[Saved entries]
- - - - - - -

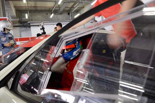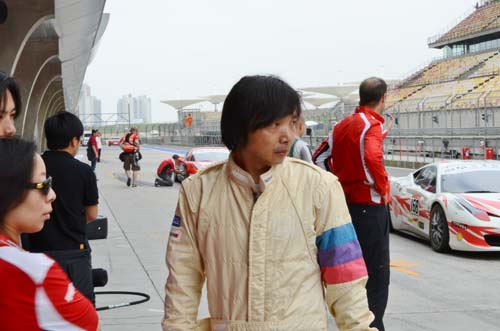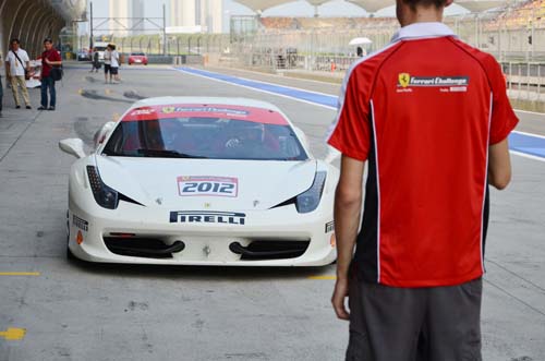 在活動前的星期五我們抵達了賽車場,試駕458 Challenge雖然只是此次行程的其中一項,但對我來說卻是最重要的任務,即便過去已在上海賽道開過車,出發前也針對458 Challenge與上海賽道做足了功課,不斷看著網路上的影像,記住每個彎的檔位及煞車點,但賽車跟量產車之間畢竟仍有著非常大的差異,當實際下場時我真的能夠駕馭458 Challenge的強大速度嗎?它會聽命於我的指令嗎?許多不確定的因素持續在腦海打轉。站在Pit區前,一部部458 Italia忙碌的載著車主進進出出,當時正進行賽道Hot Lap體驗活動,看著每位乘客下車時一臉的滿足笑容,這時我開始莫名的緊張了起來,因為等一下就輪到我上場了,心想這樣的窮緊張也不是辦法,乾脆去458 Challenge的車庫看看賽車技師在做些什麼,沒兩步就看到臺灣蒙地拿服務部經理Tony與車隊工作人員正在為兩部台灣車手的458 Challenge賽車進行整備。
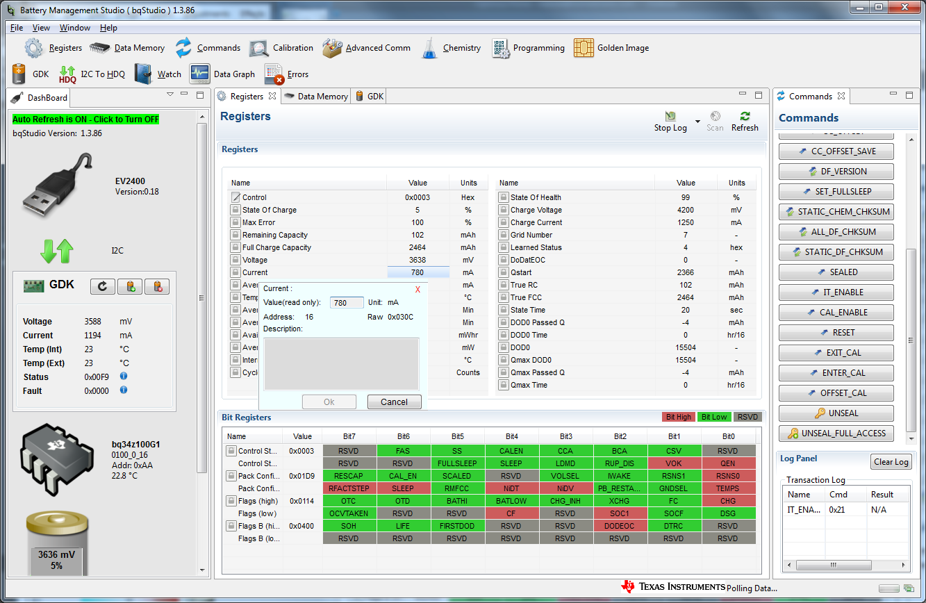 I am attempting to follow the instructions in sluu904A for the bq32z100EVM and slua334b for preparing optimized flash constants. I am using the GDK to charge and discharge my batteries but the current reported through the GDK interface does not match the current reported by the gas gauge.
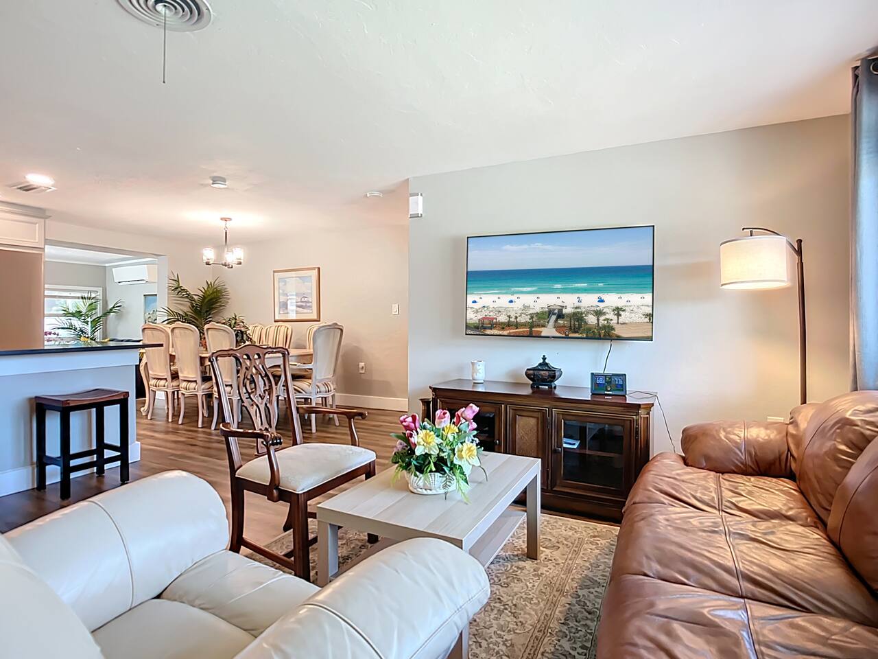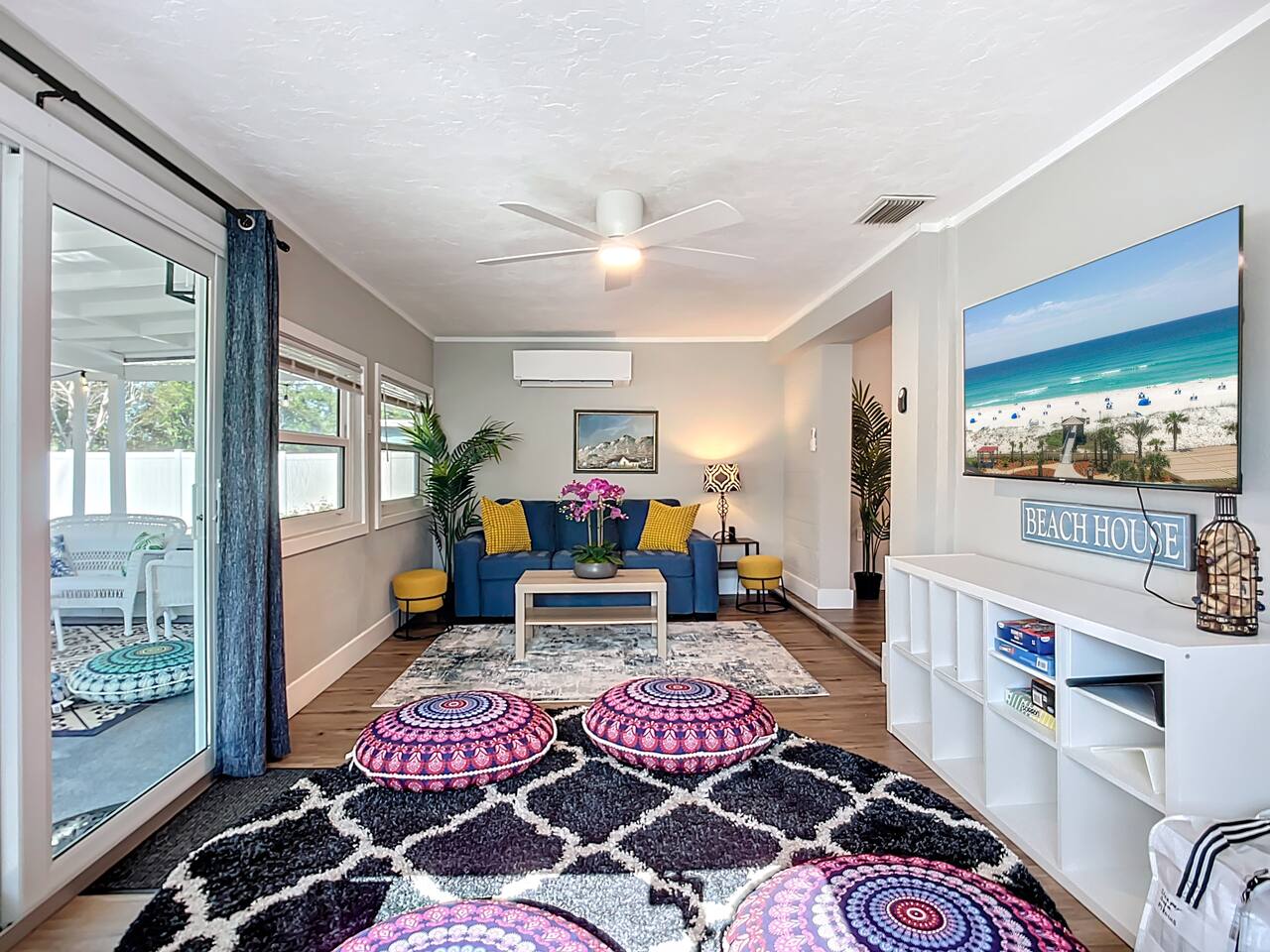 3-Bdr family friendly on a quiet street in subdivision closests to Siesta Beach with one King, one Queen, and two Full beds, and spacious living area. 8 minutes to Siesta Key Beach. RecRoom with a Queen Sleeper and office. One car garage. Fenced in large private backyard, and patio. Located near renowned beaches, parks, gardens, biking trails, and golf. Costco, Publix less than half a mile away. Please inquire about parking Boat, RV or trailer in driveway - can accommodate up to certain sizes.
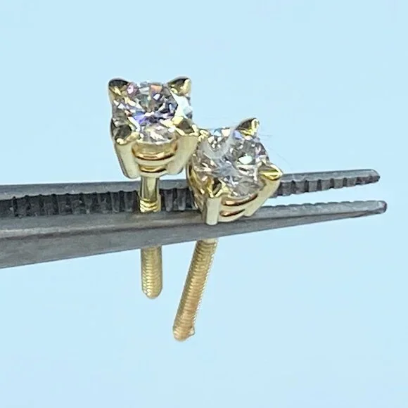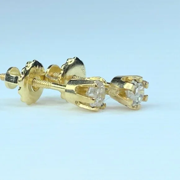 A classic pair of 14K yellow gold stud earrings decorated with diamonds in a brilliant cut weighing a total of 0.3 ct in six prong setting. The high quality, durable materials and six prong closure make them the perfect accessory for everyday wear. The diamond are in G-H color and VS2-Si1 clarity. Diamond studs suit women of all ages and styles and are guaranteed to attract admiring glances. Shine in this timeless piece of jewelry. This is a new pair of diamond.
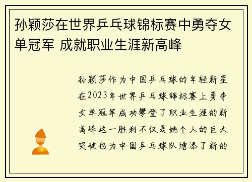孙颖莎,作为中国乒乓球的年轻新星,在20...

- - - - - - -

All lines above must be repeated exactly, and the pictures must be omitted.

 在活動前的星期五我們抵達了賽車場,試駕458 Challenge雖然只是此次行程的其中一項,但對我來說卻是最重要的任務,即便過去已在上海賽道開過車,出發前也針對458 Challenge與上海賽道做足了功課,不斷看著網路上的影像,記住每個彎的檔位及煞車點,但賽車跟量產車之間畢竟仍有著非常大的差異,當實際下場時我真的能夠駕馭458 Challenge的強大速度嗎?它會聽命於我的指令嗎?許多不確定的因素持續在腦海打轉。站在Pit區前,一部部458 Italia忙碌的載著車主進進出出,當時正進行賽道Hot Lap體驗活動,看著每位乘客下車時一臉的滿足笑容,這時我開始莫名的緊張了起來,因為等一下就輪到我上場了,心想這樣的窮緊張也不是辦法,乾脆去458 Challenge的車庫看看賽車技師在做些什麼,沒兩步就看到臺灣蒙地拿服務部經理Tony與車隊工作人員正在為兩部台灣車手的458 Challenge賽車進行整備。
 I am attempting to follow the instructions in sluu904A for the bq32z100EVM and slua334b for preparing optimized flash constants. I am using the GDK to charge and discharge my batteries but the current reported through the GDK interface does not match the current reported by the gas gauge.
 3-Bdr family friendly on a quiet street in subdivision closests to Siesta Beach with one King, one Queen, and two Full beds, and spacious living area. 8 minutes to Siesta Key Beach. RecRoom with a Queen Sleeper and office. One car garage. Fenced in large private backyard, and patio. Located near renowned beaches, parks, gardens, biking trails, and golf. Costco, Publix less than half a mile away. Please inquire about parking Boat, RV or trailer in driveway - can accommodate up to certain sizes.
 A classic pair of 14K yellow gold stud earrings decorated with diamonds in a brilliant cut weighing a total of 0.3 ct in six prong setting. The high quality, durable materials and six prong closure make them the perfect accessory for everyday wear. The diamond are in G-H color and VS2-Si1 clarity. Diamond studs suit women of all ages and styles and are guaranteed to attract admiring glances. Shine in this timeless piece of jewelry. This is a new pair of diamond.
孙颖莎,作为中国乒乓球的年轻新星,在20...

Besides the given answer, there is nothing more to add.